Let’s inspect how well the classification worked.

```
actual_class <- as.integer(dfmat_matched$sentiment == "pos")
predicted_class <- as.integer(predict(lasso, dfmat_matched, type = "class"))
tab_class <- table(actual_class, predicted_class)
tab_class
```

```
## predicted_class
## actual_class 0 1
## 0 198 60
## 1 34 208
```

From the cross-table we see that the model slightly underpredicts negative reviews, i.e. produces slightly more false negatives than false positives, but most reviews are correctly predicted.

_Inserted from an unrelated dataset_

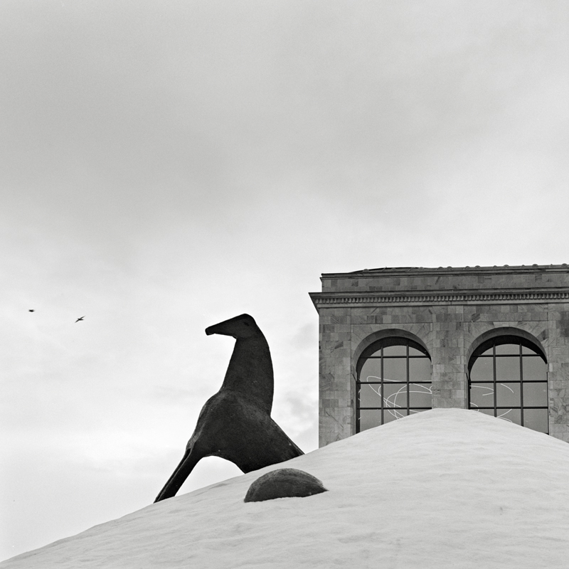 Ottima composizione per l'opera di Mimmo Paladino...in questo caso il bianco e nero è obbligato e la resa che hai ottentuto è molto convincente...
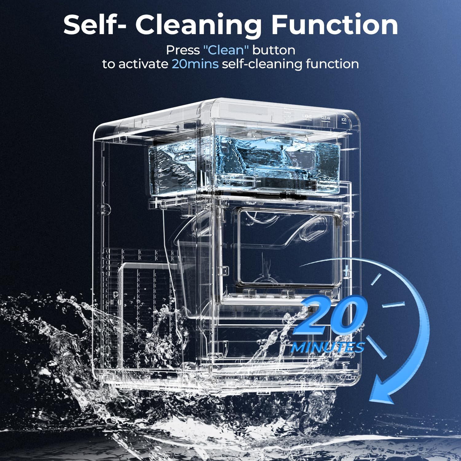 - Self-Cleaning Care:One-touch maintenance cycle keeps ice tasting fresh. No more funky ice odors! Simply activate weekly (or after 2-week inactivity) for crystal-clear ice you can trust.

We can use the function `confusionMatrix()`

from the **caret** package to quantify the performance of the classification.

```
confusionMatrix(tab_class, mode = "everything")
```

```
## Confusion Matrix and Statistics
##
## predicted_class
## actual_class 0 1
## 0 198 60
## 1 34 208
##
## Accuracy : 0.812
## 95% CI : (0.7749, 0.8453)
## No Information Rate : 0.536
## P-Value [Acc > NIR] : < 2.2e-16
##
## Kappa : 0.6249
##
## Mcnemar's Test P-Value : 0.009922
##
## Sensitivity : 0.8534
## Specificity : 0.7761
## Pos Pred Value : 0.7674
## Neg Pred Value : 0.8595
## Precision : 0.7674
## Recall : 0.8534
## F1 : 0.8082
## Prevalence : 0.4640
## Detection Rate : 0.3960
## Detection Prevalence : 0.5160
## Balanced Accuracy : 0.8148
##
## 'Positive' Class : 0
##
```

Precision, recall and the F1 score are frequently used to assess the classification performance. Precision is measured as `TP / (TP + FP)`

, where `TP`

are the number of true positives and `FP`

the false positives. Recall divides the false positives by the sum of true positives and false negatives `TP / (TP + FN)`

. Finally, the F1 score is a harmonic mean of precision and recall `2 * (Precision * Recall) / (Precision + Recall)`

.

- Jurafsky, Daniel, and James H. Martin. 2018.
*Speech and Language Processing. An Introduction to Natural Language Processing, Computational Linguistics, and Speech Recognition*. Draft of 3rd edition, September 23, 2018 (Chapter 4).